"How can we get the most out of a time series data using longitudinal methods?". This is the main question that this repository attempts to answer. There are various time series analysis methods, however, some are more suitbale for specific data. I will discuss these methods in two broad categories:
- Statistical Methods: methods that make specific assumptions on the data and take into account the uncertainty of the data. This leads to conclusions that are inherently very intepratible, but some downsides such as if the assumptions are not entirely accurate the results will not be correct.
- Machine Learning Methods: This is the area of unsupervised time series clustering methods. These methods make no specific assumptions on the distribution of the data and attempt to cluster the data based on the learning algorithms.
One of Frank Harrel's blog posts at Stastical Thinking makes a clear and intriguing distinction between these two which I defintiley recommend reading it. However, this ditinction also extends to time series analysis and it's important to know what to use in which setting.
I will delve into each of these methods and their differences in specific examples, and make conclusions based on their assumptions. The main project that I used to work with is not publicly available, however, I will work with a specific dataset that is publicly available and the results can be reproduced.
This repository is ideal for people who want to understand how to deal with different subpopulations in time series data, and how to get the most out of the data.

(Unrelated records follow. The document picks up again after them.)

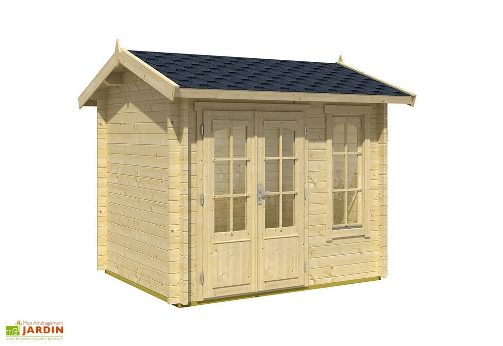 Ce petit chalet de jardin possède des parois constituées de madriers en épicéa massif de 44 mm d’épaisseur qu’il vous faudra assembler. Ces parois supportent un toit à deux pans dont l’étanchéité est assurée par un revêtement en shingle.
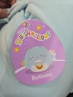 The product is a Squishmallows 16" plush toy featuring Sammy the Seafoam Green Bunny holding a basket. It is a gender-neutral stuffed animal in blue color, measuring 16 inches in height and weighing 2.350 lbs. The dimensions are 15.55 x 9.59 x 18.48 inches, with a length and width of 13 inches each.
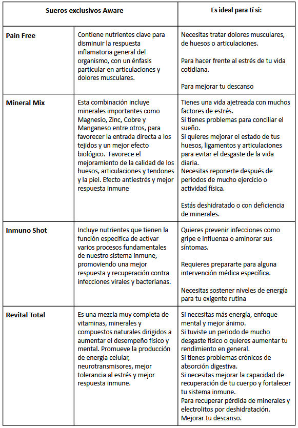 Todos nuestros sueros te ayudarán a sentirte revitalizado, con mayor energía y fortalecer tu sistema inmune porque los nutrientes llegan directamente al torrente sanguíneo. Y dependiendo de la fórmula de cada suero, se potenciarán algunos beneficios específicos. En la siguiente tabla, puedes ver información sobre cuales de estos sueros, pueden venir mejor para tí:
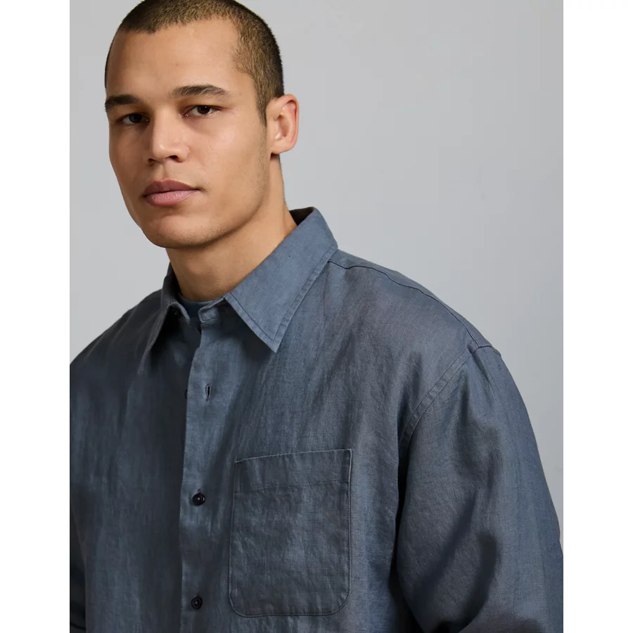 AE77 Premium Relaxed Linen Button-Up Shirt – Blue
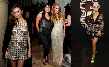 Richelle Rodriguez and Paris Hilton attend the Warner Music Group annual Grammy celebration at Chateau Marmont. (Getty Images)
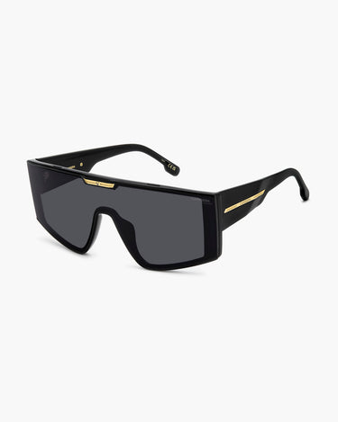 Colorati, leggeri e audaci, gli occhiali da sole CARRERA VICTORY C 18/S - 807 da donna si distinguono per il loro design mascherina futuristico e accattivante. La montatura in poliammide bio color Total Black unisce stile sostenibile e comfort, offrendo una vestibilità leggera e resistente. Le lenti in policarbonato Grigie donano un effetto visivo unico e garantiscono una protezione solare efficace,
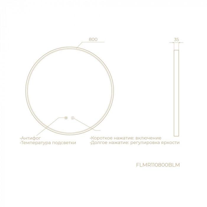 Зеркало Knotlor FLMR110800BLM 80х80 см Круглое зеркало с диммируемой LED подсветкой и антифогом в глубоком синем цвете. Регулировка яркости и температуры в диапазоне от 3000К до 6000К. Сенсорное управление с помощью 2х кнопок на зеркальном полотне. Китай 5 лет 7930139836610
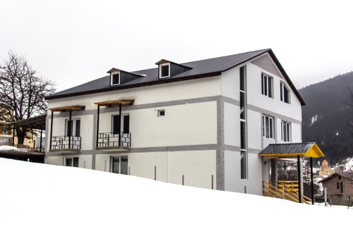 Planinska kuća „Odjek planina” vas poziva u zvuk tišine. Dođite i opustite se u divljini Svanetija s prekrasnim pogledom na planinu Ushba (4.710 m). Planinska kuća se nalazi 10 minuta od centra Mestie, u blizini skijališta Hatsvali, 130 metara od glavne ceste. 4×4 vas može odvesti do planinske kuće, ali ne i mali automobil.
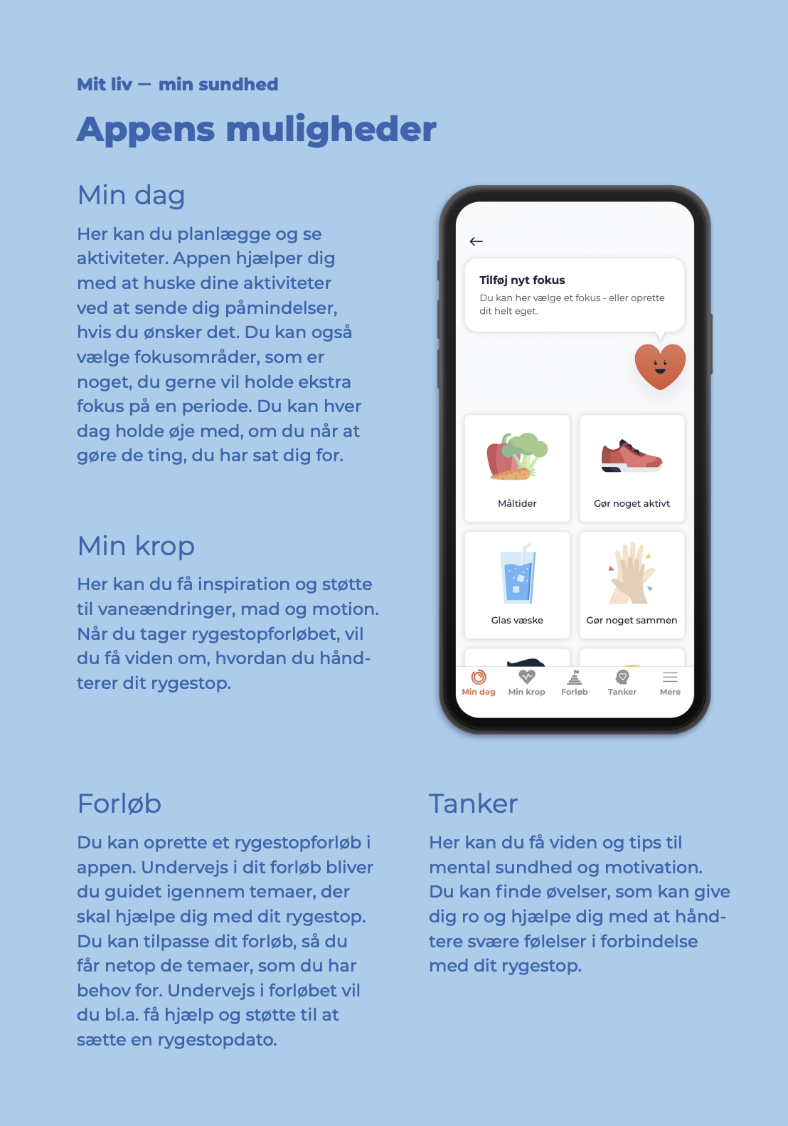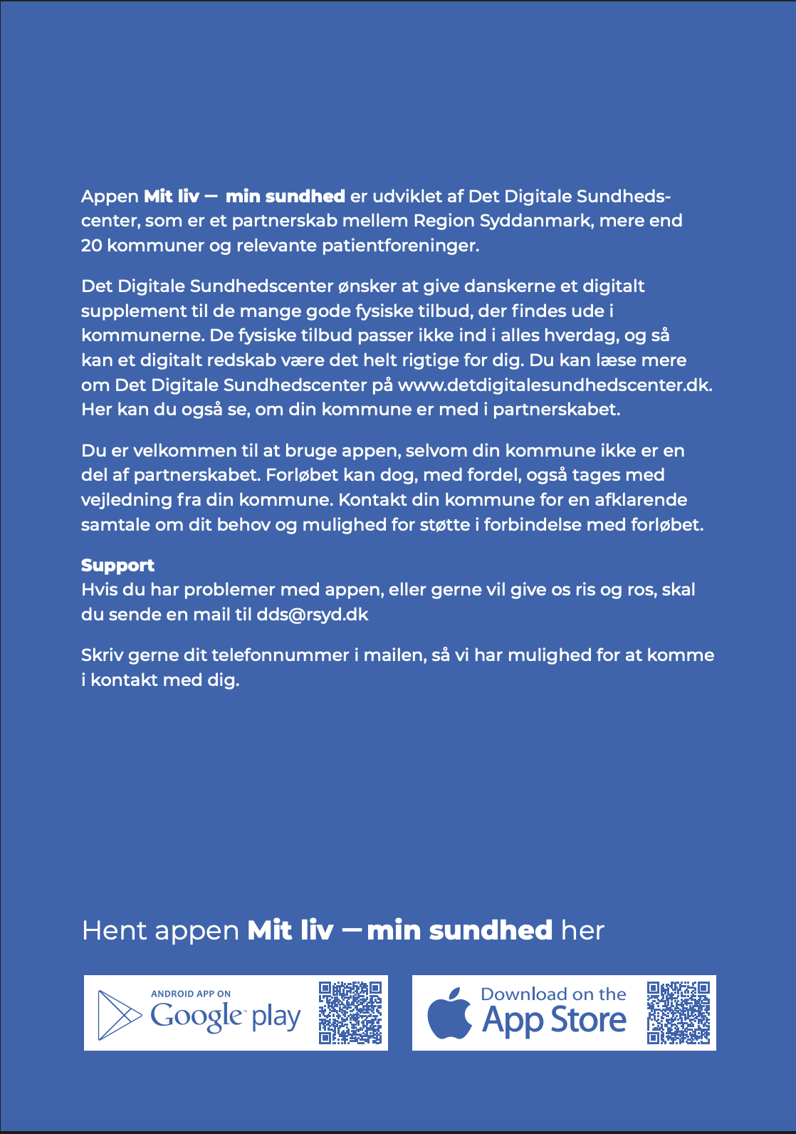 Informationsfolder om appen Mit liv, min sundhed, der indeholder et forløb til dig, der gerne vil have viden og værktøjer til at leve et
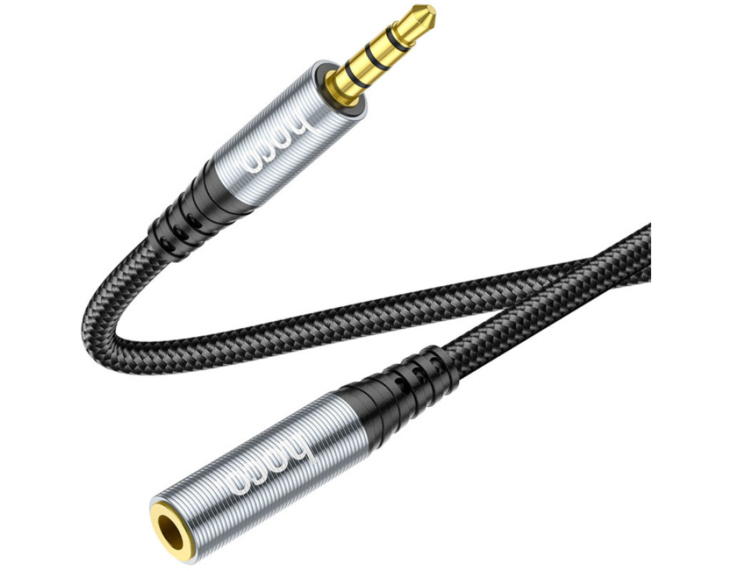 Подовжувач HOCO UPA20 DC3.5 тато-мама 1.0м, GOLD Stereo Jack, (круглий) Black cable, Box

There are several underlying complexities with working with time series data such as:
- Irregularity in Time Steps: in most real-world cases the data is not collected in fixed time intervals, therefore it is important to take this into consideration, if possible.
- Missing Data: some time series will have considerable missing data and various approaches can be used to overcome this problem.
- Dealing with Outliers: in some settings, it is important to have good domain knowledge to distinguish between a real outlier and points that are at the edge of the valid range. For instance, in healthcare, some patients who are clinically important might be wrongly excluded because they can be outliers. This is more evident in time series data as there are many subpopulations each with their own valid ranges.
Because of the aforementioned points, it is important to understand thoroughly what method would work best and would yield the most accurate conclusion with the least amount of confounding.
There are several different methods of time series analysis which are grouped into two major categories:
- Longitudinal Analysis: Models such as Growth Mixture Models (GMM), Latent Class Growth Analysis (LCGA), Fixed and Random Effects Modeling, and AutoRegressive Integrated Moving Average (ARIMA) which the latter one is modelling time series data and the former ones for finding subpopulations and clustering.
- Time Series Clustering: First, finding a distance measure between various time series such as Dynamic Time Warping (DTW) and then using a clustering method such as hierarchical clustering or KMeans. However, as we will elaborate KMeans may not be the ideal approach. Other methods include: Density Based Spatial Clustering (DBSCAN), and k-Shape clustering.
We will use a specific dataset that we know has several underlying subpopulations and will go through the following pipeline:
- Preprocessing and preparing the data.
- Data visulisation to understand the data.
- Implementation of longitudinal and time series clustering methods.
All of these steps is elaborated in the Jupyter notebook of this repository.